Cape Cod Museum of Art

January 18-March 11, 2018

Public Reception – January 25, 5:30 – 7 p.m.

Hans Hofmann’s influence and importance as a teacher and an artist on American art is momentous. – Deborah Forman, Guest Curator

Hans Hofmann taught the exciting new approaches of European modernism to the thousands of students who flocked to his Provincetown and New York schools. From 1935 to 1957, his classes inspired a new direction in American art. ”Although Hofmann advocated very specific rules and approaches, he was acutely aware of his students’ individuality and encouraged their creative instincts. As a result, the diversity of styles his students achieved is remarkable” says Deborah Forman, Guest Curator for the show.

This exhibit focuses on a selection of his students who, armed with his teachings, created a variety of distinctly innovative American art forms. In addition to several of Hofmann’s paintings, this show will include the works of 27 artists, including Paul Resika, John Grillo, George McNeil, Robert Beauchamp, and Robert Henry, who have had a close connection to the Provincetown art colony.

Deborah Forman, a significant contributor to the art history of Cape Cod, is the Guest Curator for this exhibition.

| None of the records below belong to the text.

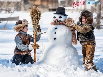 Puzzle Zabawa, Dzieci, Zima, Bałwan
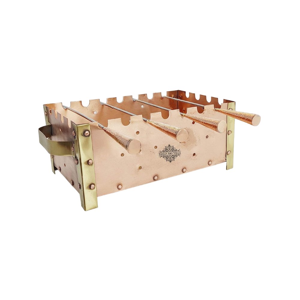 Brass Copper Barbeque Grill Set, Home & Outdoor Charcoal Grill Oven with 3 Skewers
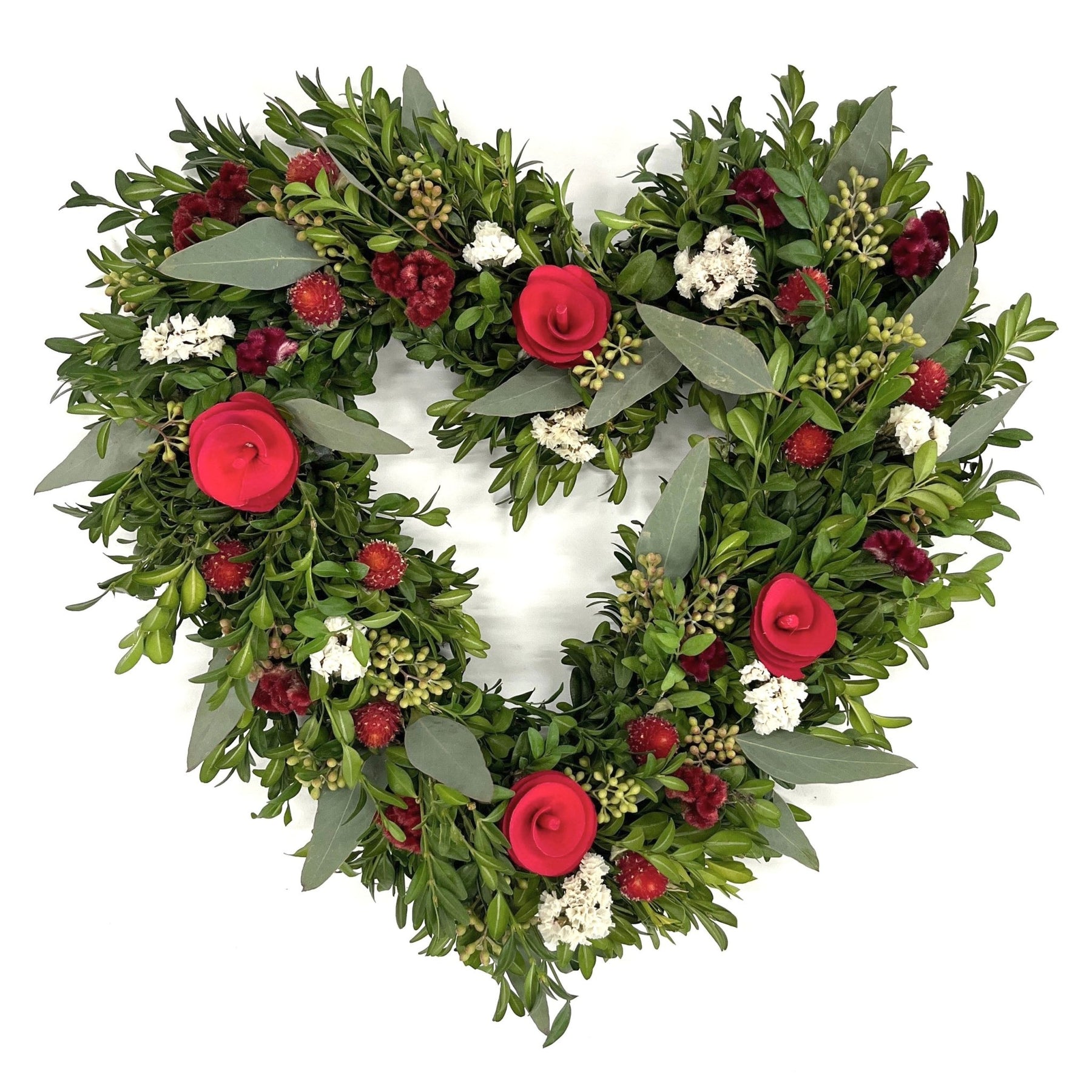 No better way to ask someone to be your Valentine this year! Crafted with boxwood and eucalyptus and complimented with celosia, globes, wooden red roses and a touch of white statice. This lovely wreath can be enjoyed indoors or in an outdoor protected area for months to come.
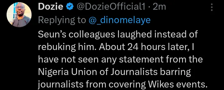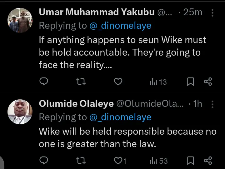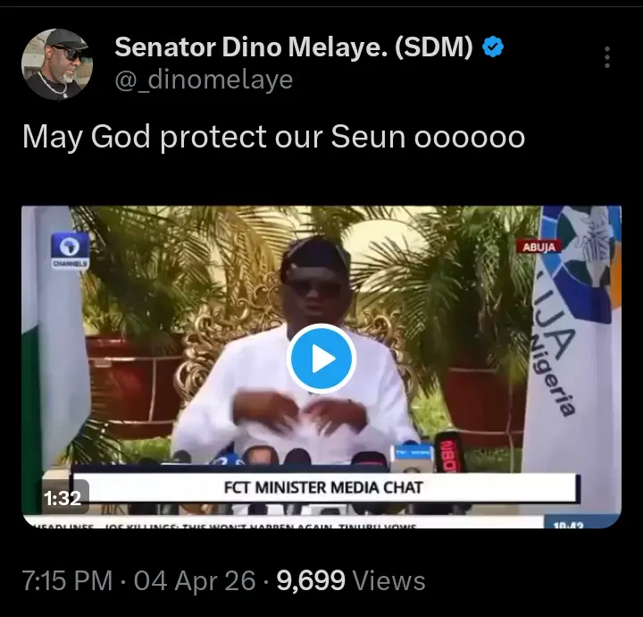 Social media users have taken to their official X account on Saturday, April 4, 2026 to react to the comment that was made by former Kogi lawmaker, Senator Dino Melaye after FCT Minister, Nyesom Wike allegedly threatened Seun Okinbaloye.
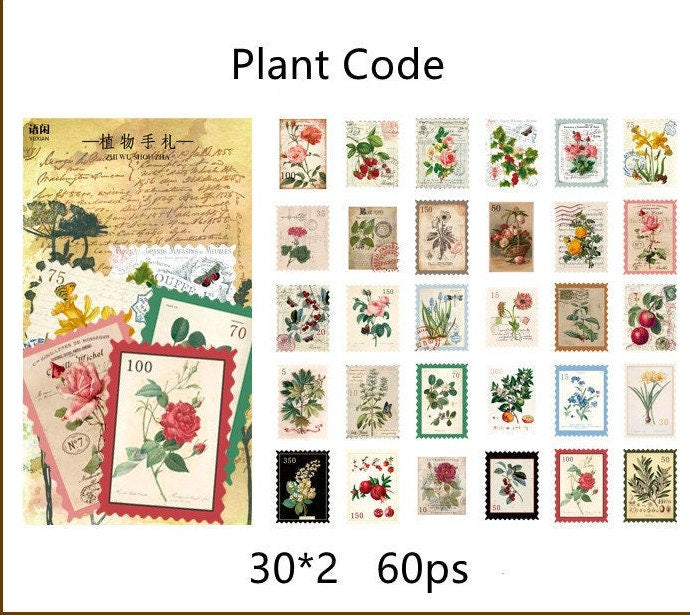 60/180 pcs Retro style stickers journaling stickers plant/forest/20s poster
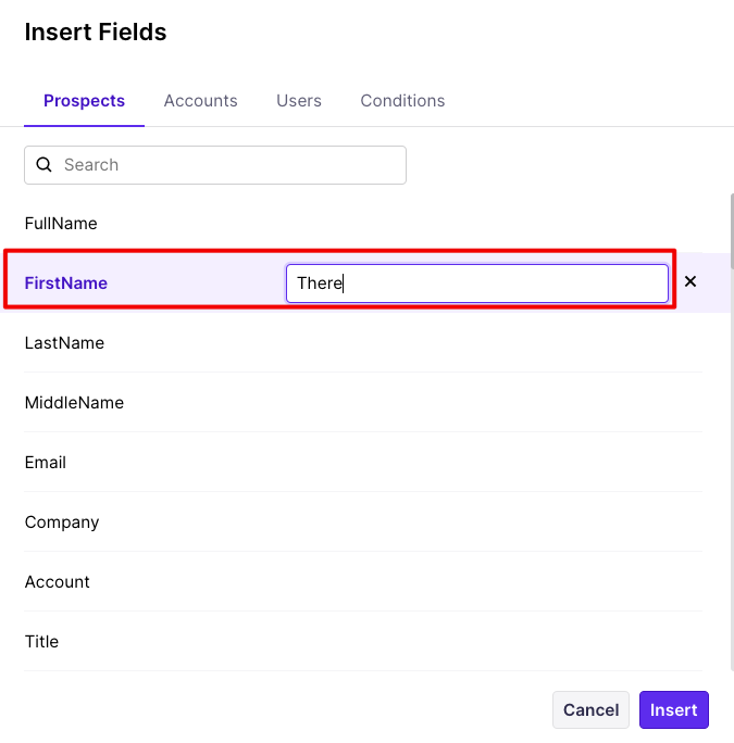 If the first name is missing for a few of your prospects, you can add fallback text to replace it:
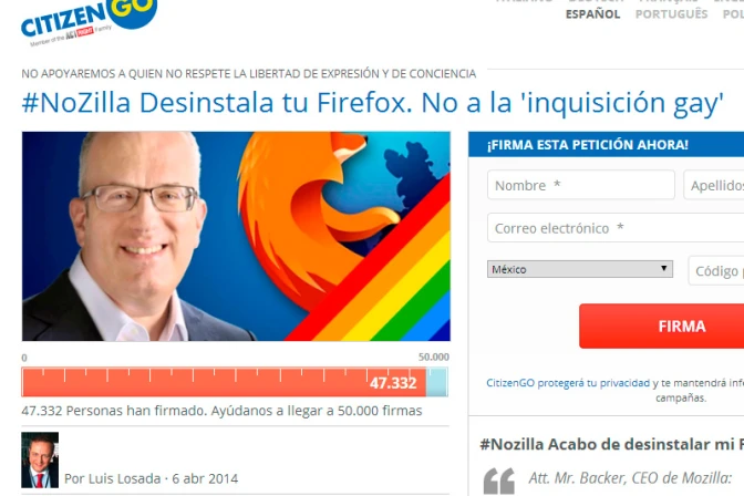 A través de la plataforma CitizenGo, más de 47 mil personas han llamado a un boicot contra el navegador Mozilla Firefox, luego de que su compañía matriz, la fundación Mozilla, cediera a las presiones del lobby gay, que forzó la renuncia de su recién nombrado CEO (jefe ejecutivo), Brendan Eich, por haber realizado una pequeña donación a una campaña pro familia.

Along with art from the CCMoA collection, works on loan from the Berta Walker Gallery, Provincetown Art Association and Museum, Cove Gallery and local collectors will present a broad view of Hofmann’s influence.

In her comments for the exhibition Forman says:

Although Hofmann advocated very specific rules and approaches in his classes, he was acutely aware of his students’ individuality and refused to tread on their creative instincts. As a result, the diversity of styles his students achieved is remarkable, which this exhibition will demonstrate. There is sometimes a direct reference to Hofmann in a student’s work, or the art is so different the relationship is not apparent, which is a credit to his teaching.

Hofmann (1880-1966) taught in New York and Provincetown. Because of his school and the artists who studied with him this little fishing village became perhaps the most important art colony in the country. As the National Trust of Historic Preservation declared in 2010, Provincetown is “home of the nation’s oldest art colony.”

When Hofmann came from his native Germany to the United States in 1930, he brought with him the vigor of European modernism, which was a major influence on American artists who had limited experience with the avant-garde art that was flourishing across the Atlantic. Hofmann spent a decade in Paris until 1914 and experienced first-hand the explosion of major movements, Fauvism and Cubism. Paul Cezanne’s work influenced him and he knew Pablo Picasso, Georges Braque and Robert Delaunay.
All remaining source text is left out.